== What is being asked ==
Exact reproduction of the listing is required. Pictures are not reproduced.

☆ ☆ ☆ ☆ ☆

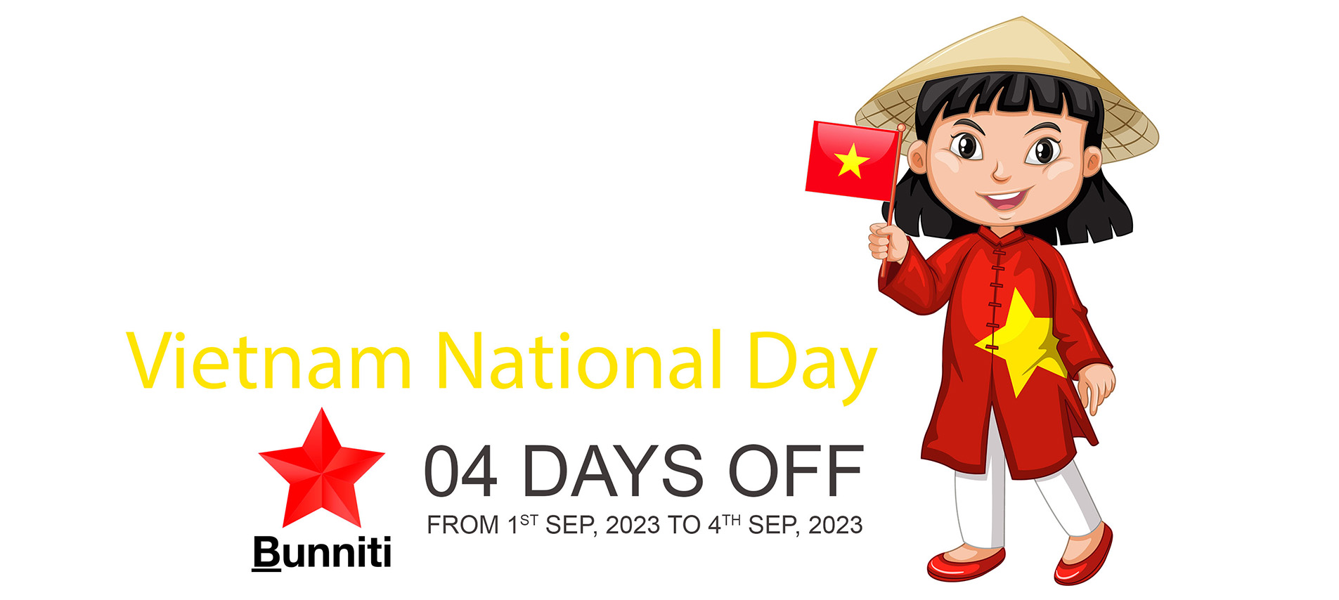 Bunniti would like to announce our operational schedule during upcoming Vietnam National Day as follows:
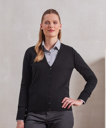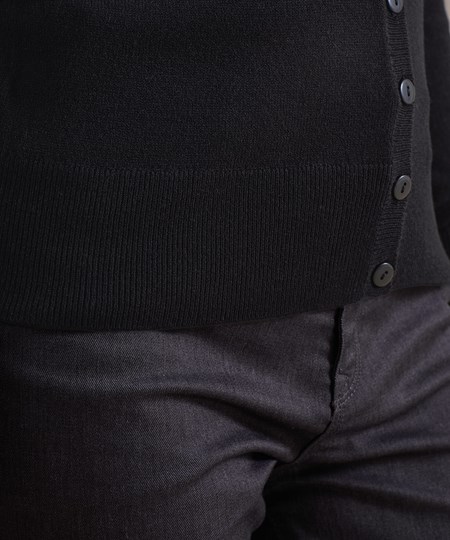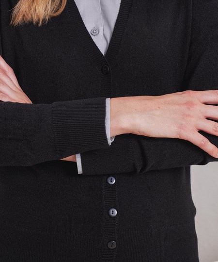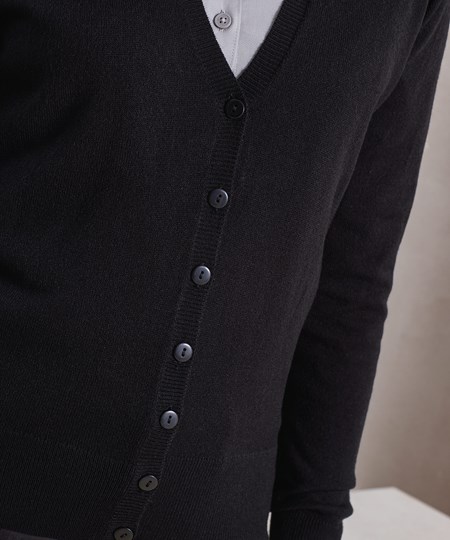A simple easy wearing cardigan for ladies that adds layers of style to your outfit. Designed with ribbed knit set-in sleeves, hem line and v-neck for a contemporary modern look.
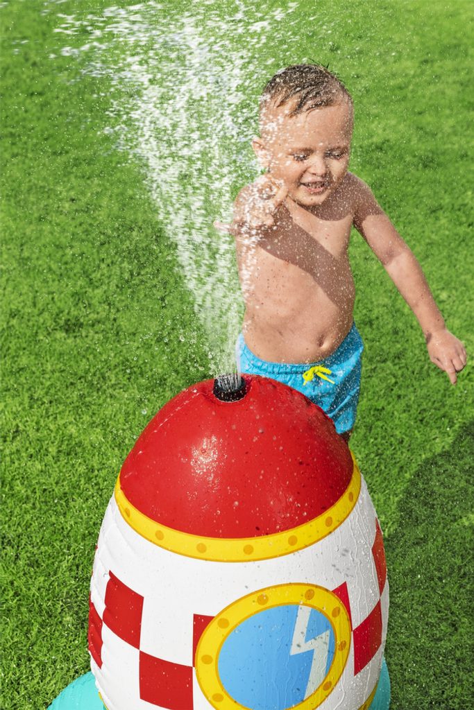 Velká nafukovací raketa s rozprašovači umožní dětem prozkoumávat a využívat jejich představivost a přitom být aktivní a bavit se venku. Nyní můžete zapomenout na nudné zavlažovače. Do zábavy se mohou zapojit i dospělí. Ideální na večírky, setkání a letní dny, děti si s tímto zavlažovačem vytvoří vzpomínky na celý život.
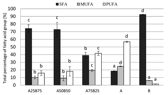 Considering the content of PUFA in the tested oil mixture samples, this group was dominated by linoleic acid (C18:2, n-6c), with 4.6–39.05% content, and α-linolenic acid (C18:3, n-3), with 0.35–2.45% content. Additionally, in the case of sample A75B25, a trace amount of eicosatrienoic acid (C20:3 n-3) was observed.
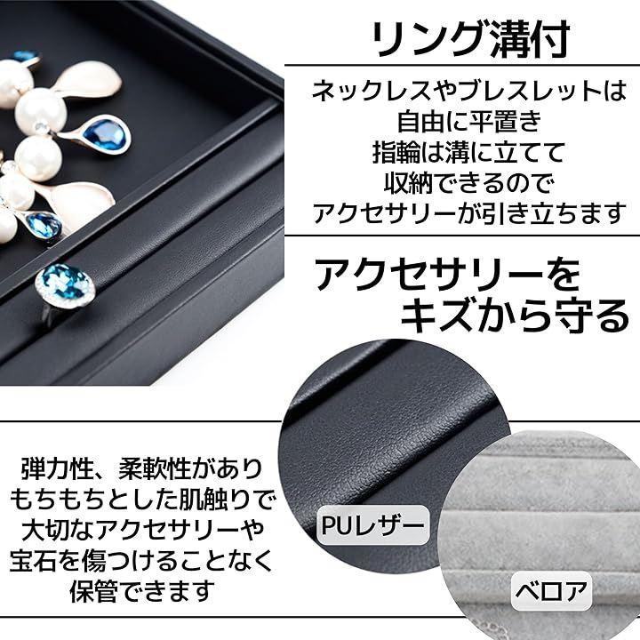 「アクセサリーをキズから守る」材質は高品質PUレザーを採用、弾力性、柔軟性があり、もちもちとした肌触りで、大切なアクセサリーや宝石を傷つけることなく保管できます。
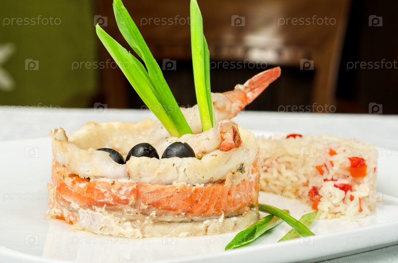 Вкусно приготовленная рыба с рисом и овощами
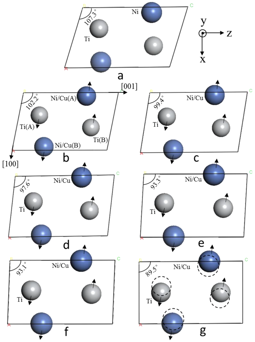 The three-dimensional (3D) diagrams are shown in Figure 3. From this figure, it is obvious that all the atomic displacements occurred with (010) planes, i.e., (010) plane at y = 0.25 (as listed in Table 2) and (010) plane at y = 0.75, respectively. We label the atoms within the (010) plane at y = 0.25 as Ni/Cu(A) and Ti(A), and the atoms within the (010) plane at y = 0.75 as Ni/Cu(B) and Ti(B), respectively. As shown in Figure 2, the Ti atoms on the left and right sides are Ti(A) and Ti(B), respectively, while the Ni/Cu atoms in upper and lower positions are Ni/Cu(A) and Ni/Cu(B), respectively. The monoclinic angles and the atom displacement directions are indicated in these two figures.
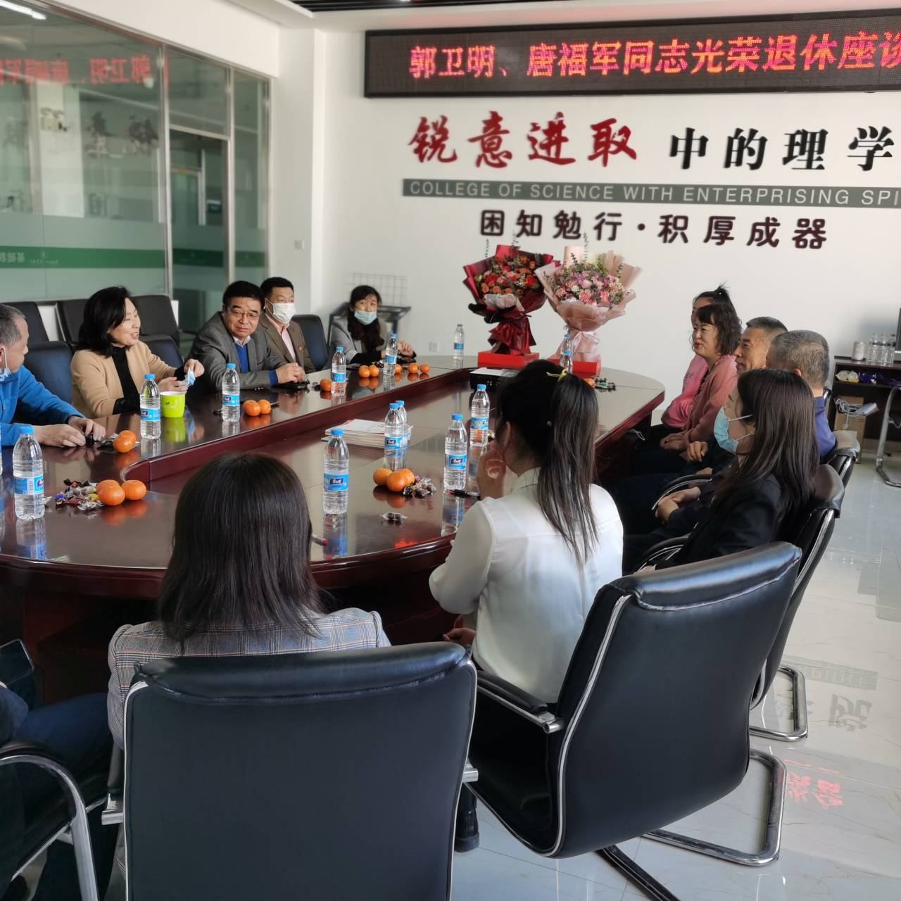 4月27日,77779193永利官网工会为郭卫明、唐福军两位同志举行了光荣退休的座谈会,会上学院领导、各系部主任、教师代表相继发言并送上了祝福,77779193永利官网工会为两位老教师准备了荣退纪念品。
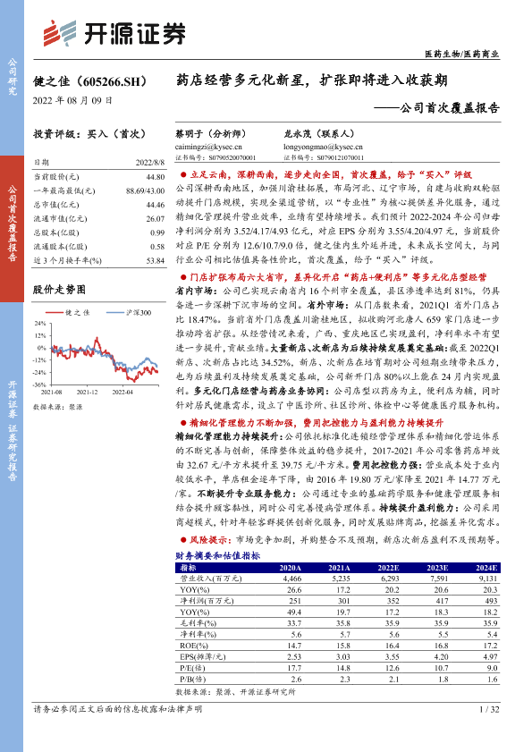 【开源证券】【20220809】深度报告-20220809-开源证券-健之佳-605266.SH-公司首次覆盖报告_药店经营多元化新星_扩张即将进入收获期-32页
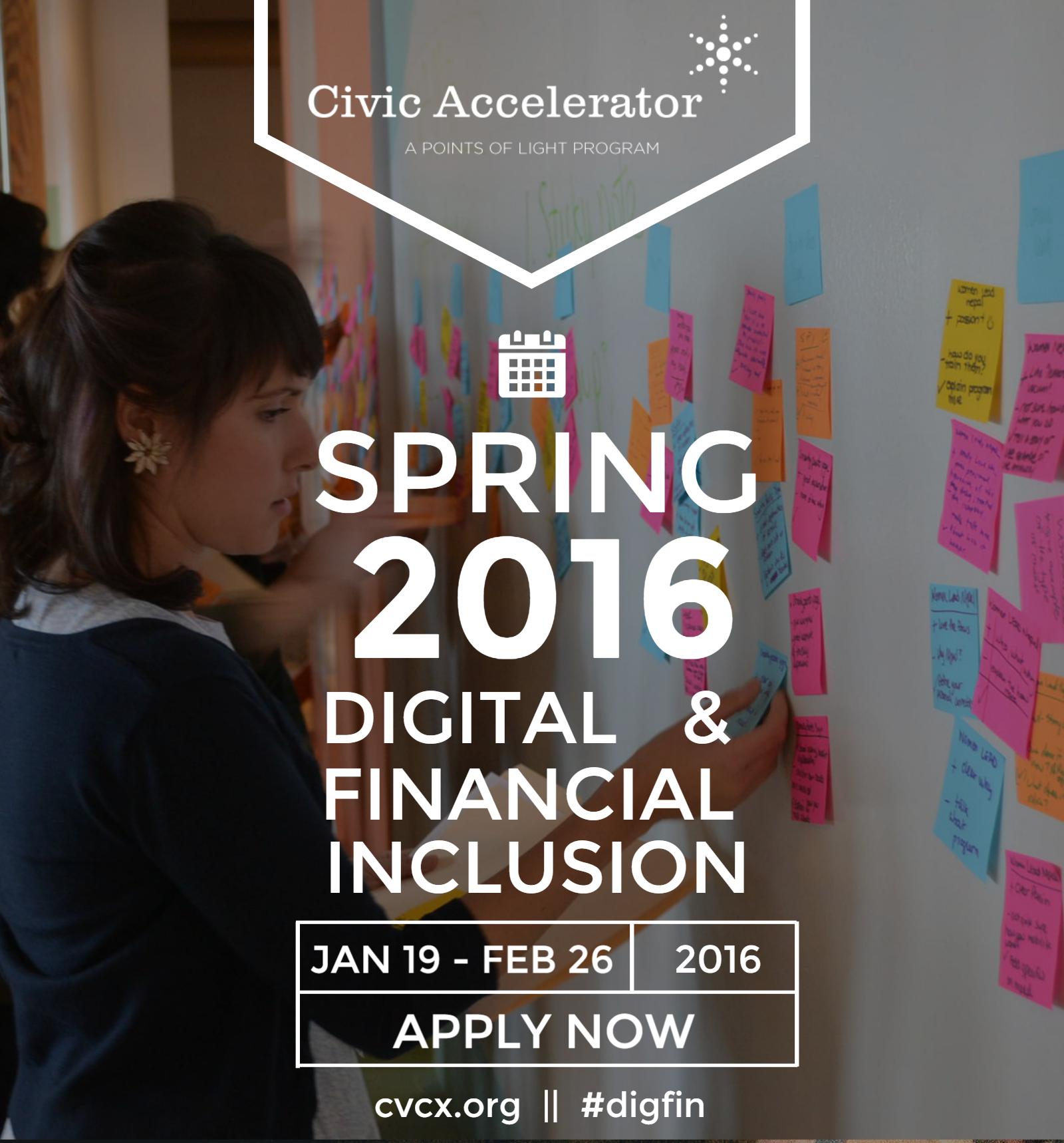 CivicX7-App-FlierWe are thrilled to see the Points of Light Civic Accelerator is launching it’s spring 2016 program with a challenge to accelerate tech adoption and financial inclusion for all. From user-generated and peer-to-peer technologies, equitable access to financial services and skill development, to models that influence savings and spending habits, the potential solutions are many. Learn more at bit.ly/digfininclusion‪#‎CIVICX‬ ‪#‎digfin‬
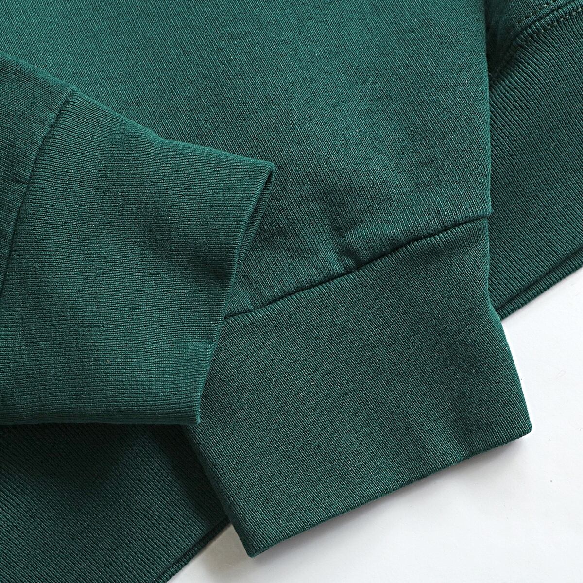 コットン、ポリエステル混紡ボディ。深みのあるダークグリーンカラー。

☆ ☆ ☆ ☆ ☆

== Solution below ==
 Bunniti would like to announce our operational schedule during upcoming Vietnam National Day as follows:
A simple easy wearing cardigan for ladies that adds layers of style to your outfit. Designed with ribbed knit set-in sleeves, hem line and v-neck for a contemporary modern look.
 Velká nafukovací raketa s rozprašovači umožní dětem prozkoumávat a využívat jejich představivost a přitom být aktivní a bavit se venku. Nyní můžete zapomenout na nudné zavlažovače. Do zábavy se mohou zapojit i dospělí. Ideální na večírky, setkání a letní dny, děti si s tímto zavlažovačem vytvoří vzpomínky na celý život.
 Considering the content of PUFA in the tested oil mixture samples, this group was dominated by linoleic acid (C18:2, n-6c), with 4.6–39.05% content, and α-linolenic acid (C18:3, n-3), with 0.35–2.45% content. Additionally, in the case of sample A75B25, a trace amount of eicosatrienoic acid (C20:3 n-3) was observed.
 「アクセサリーをキズから守る」材質は高品質PUレザーを採用、弾力性、柔軟性があり、もちもちとした肌触りで、大切なアクセサリーや宝石を傷つけることなく保管できます。
 Вкусно приготовленная рыба с рисом и овощами
 The three-dimensional (3D) diagrams are shown in Figure 3. From this figure, it is obvious that all the atomic displacements occurred with (010) planes, i.e., (010) plane at y = 0.25 (as listed in Table 2) and (010) plane at y = 0.75, respectively. We label the atoms within the (010) plane at y = 0.25 as Ni/Cu(A) and Ti(A), and the atoms within the (010) plane at y = 0.75 as Ni/Cu(B) and Ti(B), respectively. As shown in Figure 2, the Ti atoms on the left and right sides are Ti(A) and Ti(B), respectively, while the Ni/Cu atoms in upper and lower positions are Ni/Cu(A) and Ni/Cu(B), respectively. The monoclinic angles and the atom displacement directions are indicated in these two figures.
 4月27日,77779193永利官网工会为郭卫明、唐福军两位同志举行了光荣退休的座谈会,会上学院领导、各系部主任、教师代表相继发言并送上了祝福,77779193永利官网工会为两位老教师准备了荣退纪念品。
 【开源证券】【20220809】深度报告-20220809-开源证券-健之佳-605266.SH-公司首次覆盖报告_药店经营多元化新星_扩张即将进入收获期-32页
 CivicX7-App-FlierWe are thrilled to see the Points of Light Civic Accelerator is launching it’s spring 2016 program with a challenge to accelerate tech adoption and financial inclusion for all. From user-generated and peer-to-peer technologies, equitable access to financial services and skill development, to models that influence savings and spending habits, the potential solutions are many. Learn more at bit.ly/digfininclusion‪#‎CIVICX‬ ‪#‎digfin‬
 コットン、ポリエステル混紡ボディ。深みのあるダークグリーンカラー。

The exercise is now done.